Since you admit you have nothing to add to the edcuated conversations of this forum.... BYE....banned


----------



## mycarisaser (May 17, 2003)

dwill9578 said:


> BigBuls talking about "common sense" since when did knowing how a car magazine tests there cars become common sense? I wonder if I had any common sense buying a Spec V, the car sucked! poor interior qualitly even compared to cars cheaper than it, transmission a total joke even with MT-90 brutal handling at the limit and it does no matter about the price it should contain more performance for the buck even for under 15g's.(final price)Although I enjoy to check back in once in awhile and see how the tards(BigBuls-Chimike) on this site bash eachother over the smallest discrepancy in completly useless information about a car the blows in the first place.Aren't forums designed to be helpful for owners?Everytime I have visited this site it's people bickering, a complete joke although great for a good laugh and thats it----keep up the good work ladies.


I agree the car is a peice of crap but its my peice of crap 
I still have to pay for it so I guess ill make the best out of it well until I trade it in and it wont be for another nissan

sorry I and just spouting off


----------



## myoung (Apr 15, 2002)

mycarisaser said:


> I agree the car is a peice of crap but its my peice of crap
> I still have to pay for it so I guess ill make the best out of it well until I trade it in and it wont be for another nissan
> 
> sorry I and just spouting off


I don't own one, but the ones I've driven weren't pieces of crap, wanna drive a POS... I recently had a Mustang rental... that was a POS... everything in it was put together so cheaply.. I was shocked to tell you the truth that so many people rave about Mustangs... I would buy a Spec V over the Mustang anyday.


----------



## BIGBULS (Sep 24, 2002)

You want cheap, I'll take you for a ride in my friend's 1996 Chevy Beretta.

The interior is hoorrible, and he has the "GOOD" interior (91+).

The damn car is pretty fast though.........he just swapped in a 3400 V6 (with ~230lb/ft of torque with his mods)...........I could only wish about putting a torquey V6 in a Sentra (guess I'll have to settle for a turbo ).


----------



## mycarisaser (May 17, 2003)

myoung said:


> I don't own one, but the ones I've driven weren't pieces of crap, wanna drive a POS... I recently had a Mustang rental... that was a POS... everything in it was put together so cheaply.. I was shocked to tell you the truth that so many people rave about Mustangs... I would buy a Spec V over the Mustang anyday.


Ive had my car just under a year I have had nothing but problems with it.

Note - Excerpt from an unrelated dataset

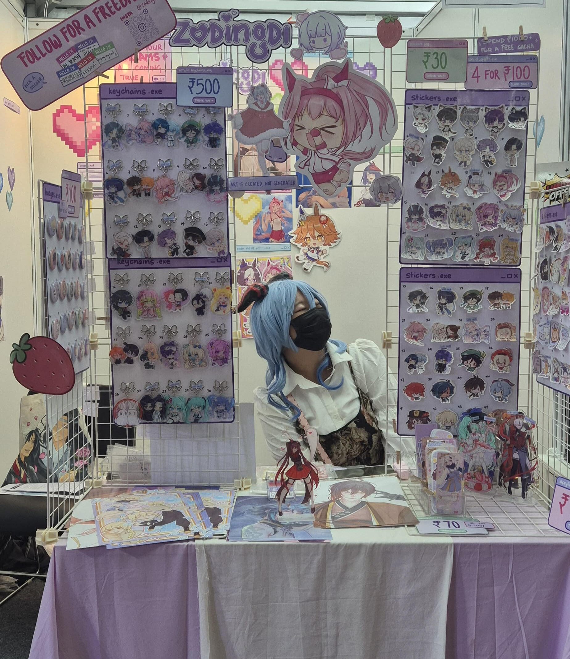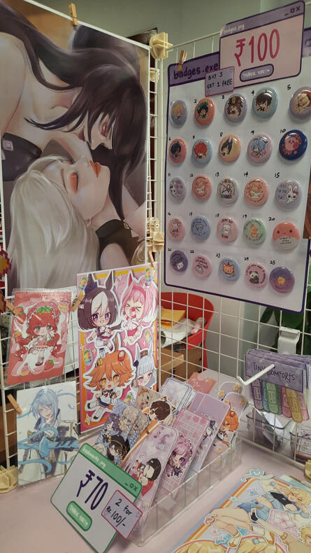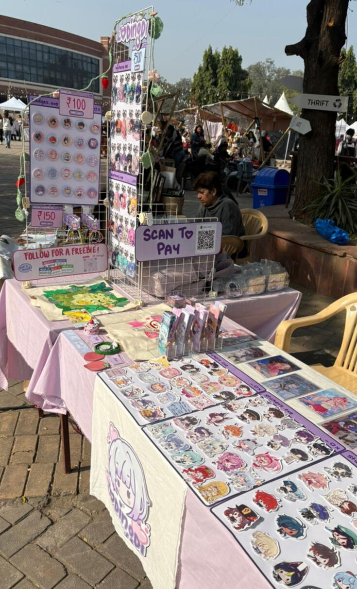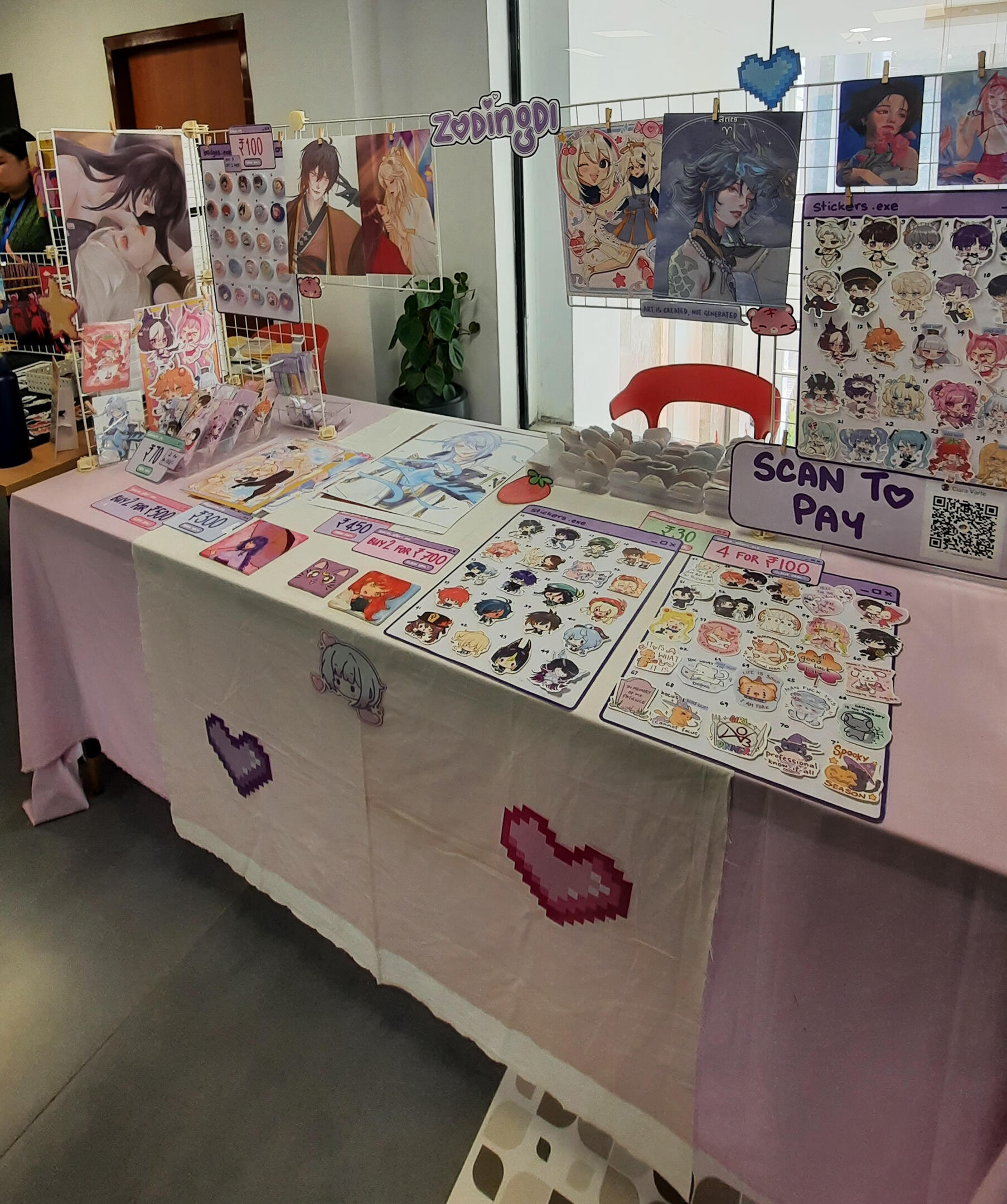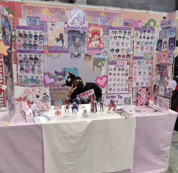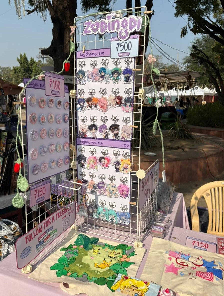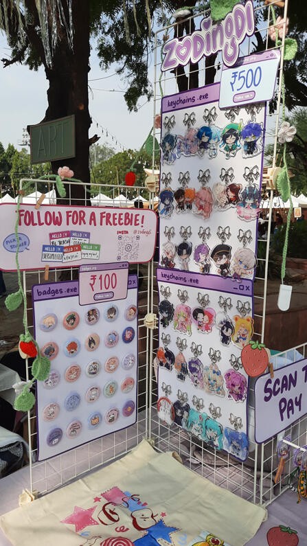 Hello! I'm Lala (zodingdi) and I've been actively exhibiting in artist alleys all over India since 2025! I exclusively feature 100% self-made artworks - both original illustrations and fanart of different anime, games, etc.here's some info about my work exhibited at fests, cons and artist alleys:
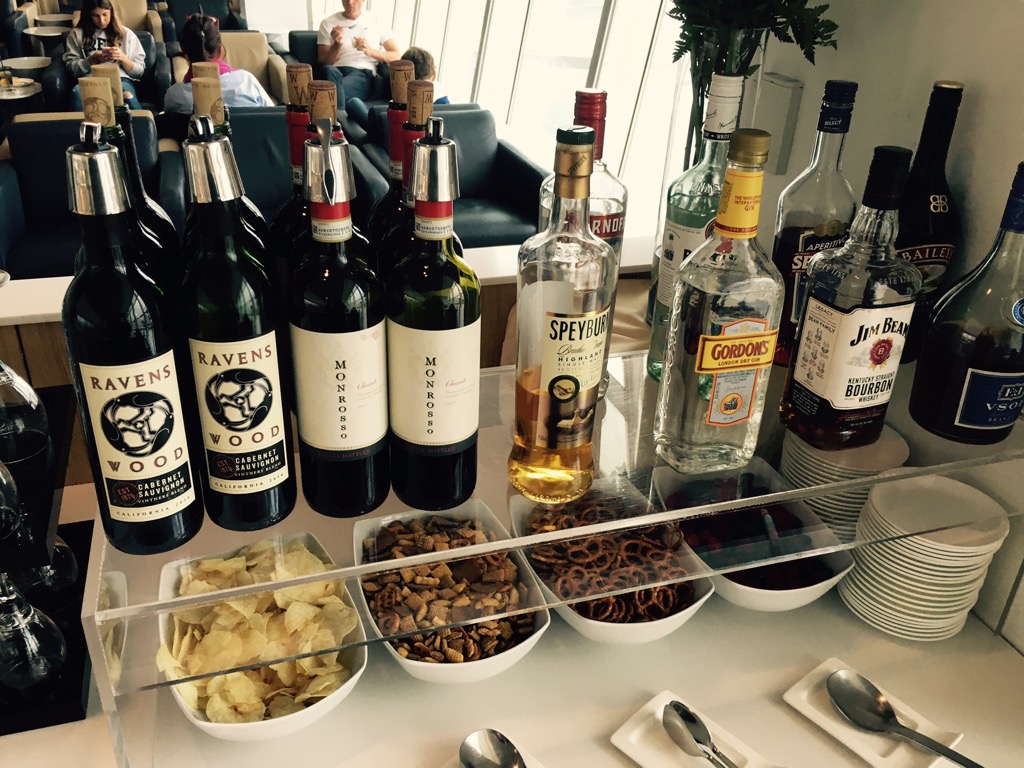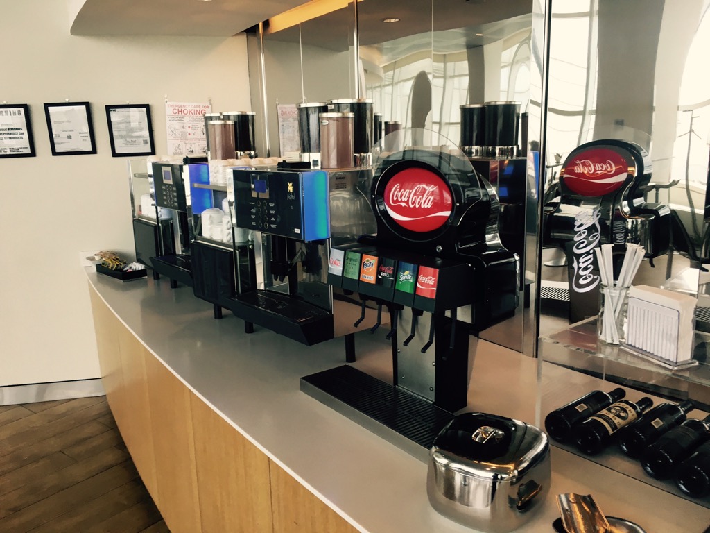 Die Lounge ist im Grunde in zwei Bereiche unterteilt. Im vorderen Bereich der Lounge befindet sich ein Restaurantbereich mit einer ganzen Reihe von Stühlen und Tischen. Am üblichen Buffet wurden Speisen und Getränke zur Selbstbedienung angeboten.

It spend more time in the shop than in my driveway. I guess im disapointed with it b/c all my other nissans were great cars and the owner of nissan is telling everyone that they are going to try to save money and increase sales by stopping overquallity. What kind of crap is that. That plan almost put GM under a few year back. So what the hell


----------



## simeronbugh (Aug 22, 2003)

BIGBULS said:


> Well, if he would have used that mushy thing between his ears he might not have spouted off anything that stupid.


Ha ha. Classic.


----------



## myoung (Apr 15, 2002)

mycarisaser said:


> and the owner of nissan is telling everyone that they are going to try to save money and increase sales by stopping overquallity. What kind of crap is that. That plan almost put GM under a few year back. So what the hell


Where is that from?

If your car was in the shop more than 3 or 4 times in the first year doesn't the lemon law come into effect?.. not really up on it, never had to be.

I still love my 98 200SX... I think it was built strong, interior beats all cars I've seen in the price range by far... and extremly happy with my 03 Altima..


----------



## Misanthrope1144 (Jan 6, 2004)

man , whats the avg price on a 98 200sx?


----------



## myoung (Apr 15, 2002)

Misanthrope1144 said:


> man , whats the avg price on a 98 200sx?


When it was new? or now? pretty easy to look up..


----------



## simeronbugh (Aug 22, 2003)

Check out www.kbb.com for average prices on any car.


----------



## FletchSpecV (Nov 26, 2002)

simeronbugh said:


> Check out www.kbb.com for average prices on any car.


Just to let you know though, the KBB is a useful guide but the dealerships use a different book so don't be surprised if you get there and the price is different than KBB gives you. I used to work for a dealership and the managers would use blue book to make people think they were getting a good deal.


----------



## wickedsr20 (Aug 8, 2002)

myoung said:


> I still love my 98 200SX... I think it was built strong, interior beats all cars I've seen in the price range by far... and extremly happy with my 03 Altima..


Damn. My sentiments exactly.


----------



## Blank (Aug 21, 2003)

FletchSpecV said:


> Just to let you know though, the KBB is a useful guide but the dealerships use a different book so don't be surprised if you get there and the price is different than KBB gives you. I used to work for a dealership and the managers would use blue book to make people think they were getting a good deal.


NADA dealers guide baybeee, different then the NADA book consumers can buy... there is also the little black book... its updated weekly...


----------



## FletchSpecV (Nov 26, 2002)

blankgazex said:


> NADA dealers guide baybeee, different then the NADA book consumers can buy... there is also the little black book... its updated weekly...


Yep, .


----------